I met up with my old desk mate at university years later. We sat in the crowded student cafe, at the back, and talked about our time at school.
“Do you remember when our teacher gave us a book each as a reward for learning our 12 times tables?”
“Yes,” I said. I’d been given Oliver Twist. I was nine years old.
I still have that book. I still remember doing the quiz our teacher set to see if we knew our times tables. I remember receiving the book, how he shook my hand. It felt like such a milestone, like I’d achieved something amazing. I felt like I could do anything.
‘You can do anything you want,” says my English teacher. It’s an all-girls school. We are 15. We are grumpy and hormonal. It’s December and we are also tired, and hot.
“You can do anything you want!” says my English teacher. “You can be anything you want!”
We lounge across our desks. Our uniforms are itchy.

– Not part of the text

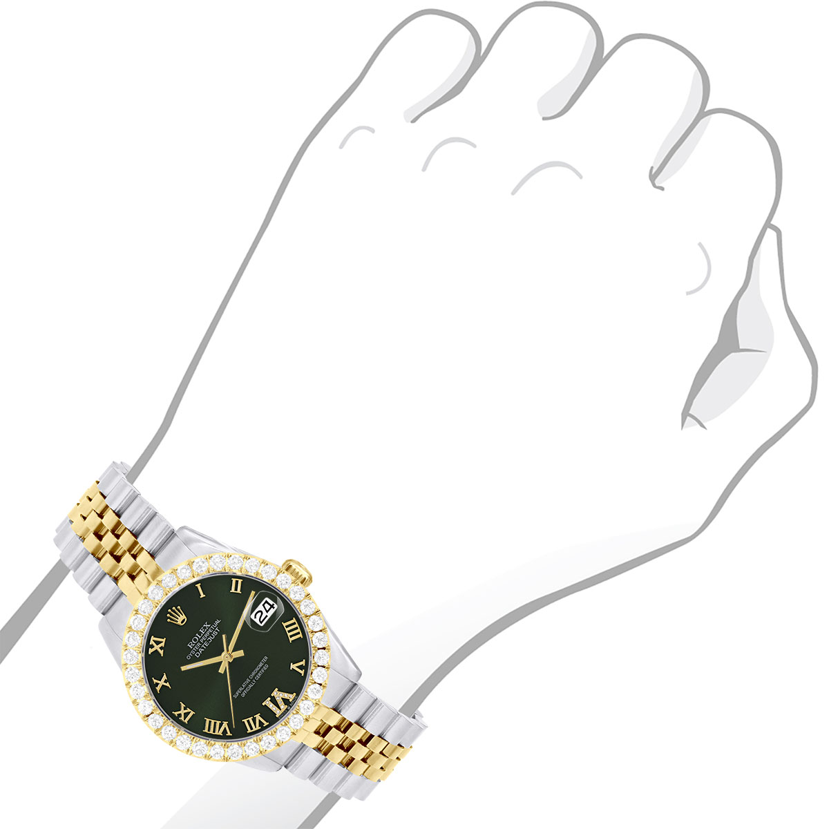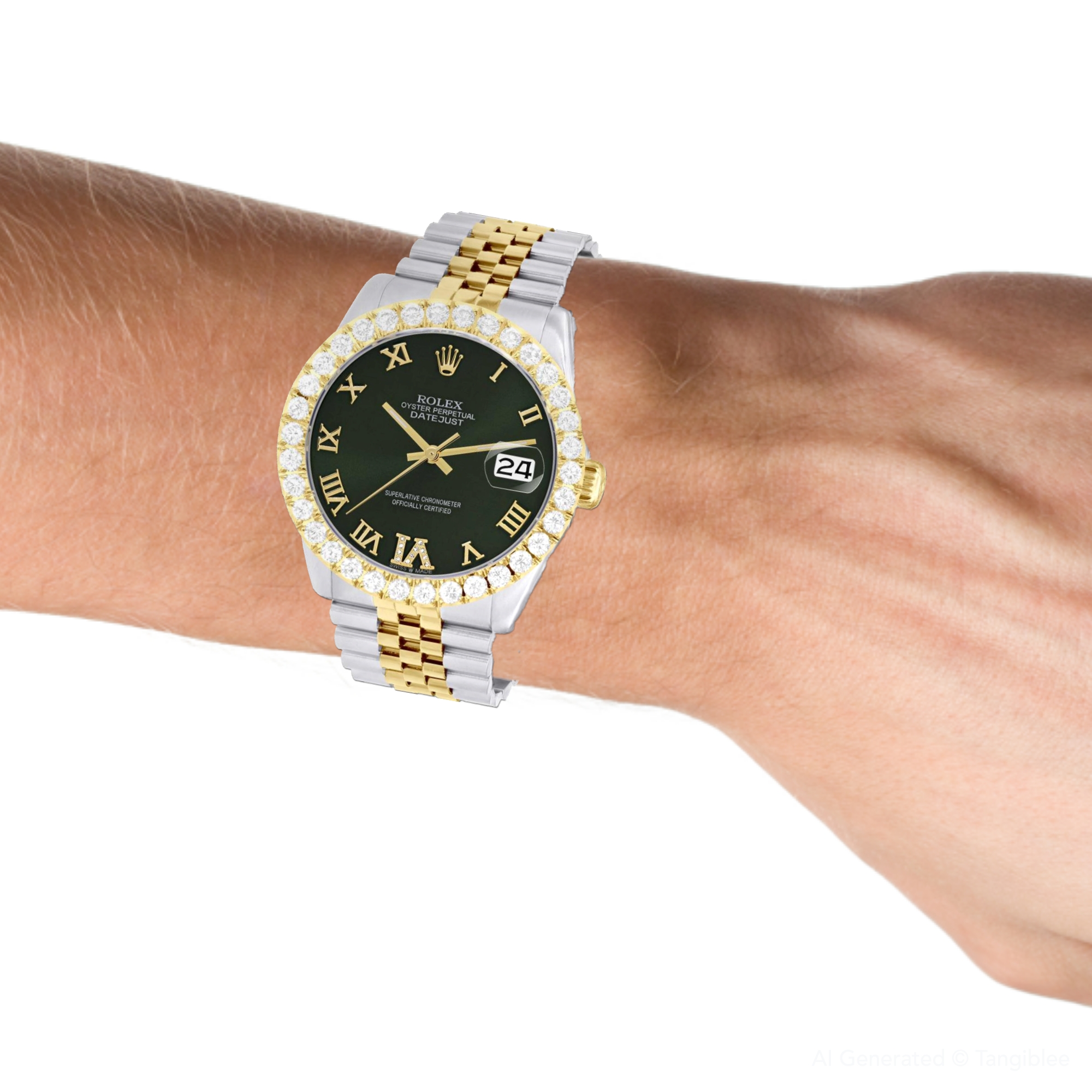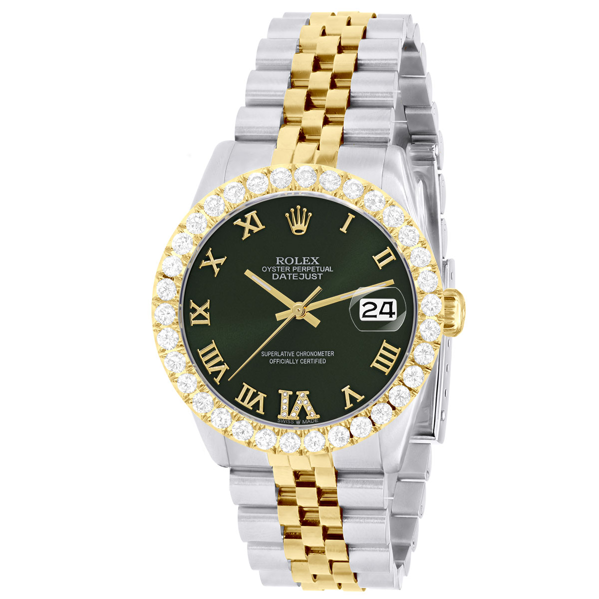 This Men's Two-Tone Rolex Datejust is a luxurious and stylish watch. It features a White/Yellow color scheme, adding sophistication to its design. The watch is made of Gold/Stainless Steel, offering a premium feel. The case measures 36 mm. The bracelet is made of Stainless Steel It features a Jubilee style bracelet for a comfortable fit. The bezel is made of Yellow Gold and is set with White Diamonds. The dial is Dark Green, enhancing its visual appeal. Powered by an Automatic movement, the watch includes functions such as Date Indicator. Offered in Very Good condition, and comes with a seller's warranty of 60 months. Also available on custom order with additional options. These pre-owned Rolex watches are authentic Rolex watches with genuine diamonds, in excellent condition, they are checked for authenticity and basic water resistance. Watches will withstand an occasional rain just fine, but they are not diver's watches and should not be worn in shower or while swimming.

We are grumpy. We are hormonal.
“Repeat after me,” she says. “I can do anything I want! I can be anything I want!”
Slowly, grumpily, we repeat it. Again and again. We are tired. We are hot. We are hormonal. We mumble. We moan. But we say it, anyway.

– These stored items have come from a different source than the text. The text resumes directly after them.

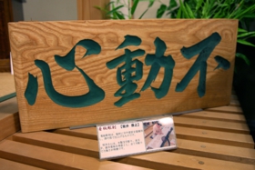 這是木雕招牌,最近制作招牌很多都采用塑料制作了,坂井先生一直保持著木雕制作,如今倍受青睐,同時他也在制作名牌等。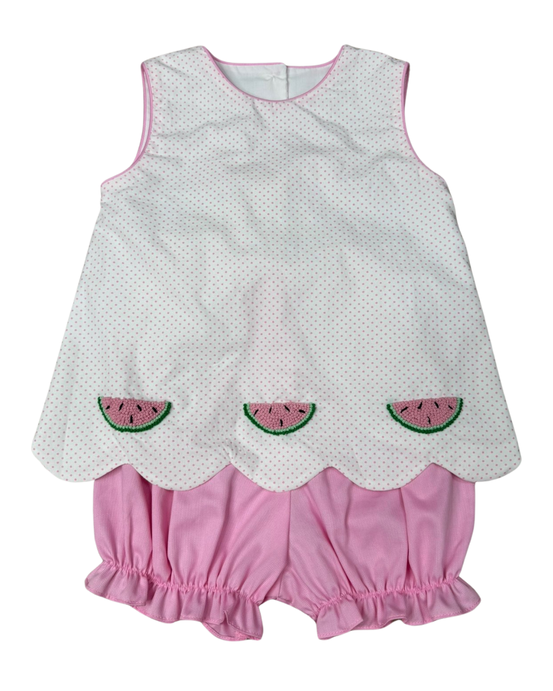 Scallop Bow Back Bloomer Set | Watermelon - 9M is backordered and will ship as soon as it is back in stock.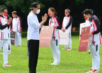 Presiden Joko Widodo menerima kontingen Indonesia yang berlaga di Olimpiade Tokyo 2020, sekaligus menyerahkan bonus apresiasi bagi para atlet dan ...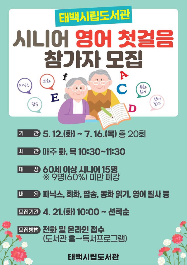【태백】태백시는 60세 이상 시니어를 대상으로 다음달 12일부터 7월 16일까지 ‘시니어 영어 첫걸음’ 프로그램을 운영한다.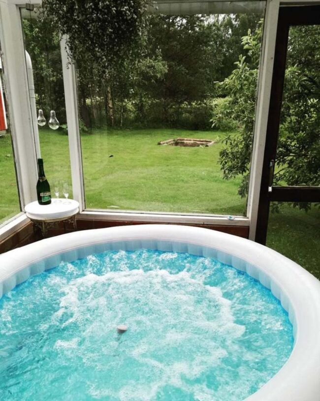 Patio heaters extend enjoyment during cooler evenings, allowing users to soak comfortably in any temperature.

Years later, I remember that day. I remember those words. I remember that teacher. I remember her relentlessness, her drive, for us. She gave us more than King Lear and Katherine Mansfield. She gave us an appreciation for our own power.
What do you get a teacher to say thank you? This is a question for lots of people at this time of year. In Facebook and WhatsApp groups. At the school gate. Among groups of uni students. There are suggestions of wine, chocolate, massage vouchers. It’s a tight economic time. No one has a lot to spend. Yet it all seems – money constraints aside – inadequate, insufficient.

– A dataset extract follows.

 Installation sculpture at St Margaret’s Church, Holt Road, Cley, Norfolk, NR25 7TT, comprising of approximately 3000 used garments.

How do you truly thank someone who has persevered in teaching a child to read? Trying technique after technique, again and again, looking for more things – tools, ideas, approaches – to help?
How do you truly thank someone who has read a child Pippi Longstockings and Danny, the Champion of the World and shown them how to paint murals and make clay mountains?
How do you truly thank someone who has given a child a love of numbers? Taught them how to notice patterns in nature? How to quantify pieces of the world?
How do you truly thank someone who has helped a child make friends? Who has noticed when they are unhappy, or alone, or not feeling well? Who has held their hand when they felt afraid? Who has been there day after day?
How do you truly thank someone who a child is likely to remember for the rest of their life?
Here’s one answer: A trip to the moon.
Here’s another. Picture a child who runs to school every morning for a year, parting with a quick wave, not looking back. Picture a child who comes home every afternoon brimming with new information: a book, a painting of a sunset, a new way of looking at the world. Picture a child who, decades later, when this time is nothing but a memory, might think of something you said – a phrase, a word, a lesson – and stop and smile; take something from it and use it, because now they have a place in the world. A place that you helped them take.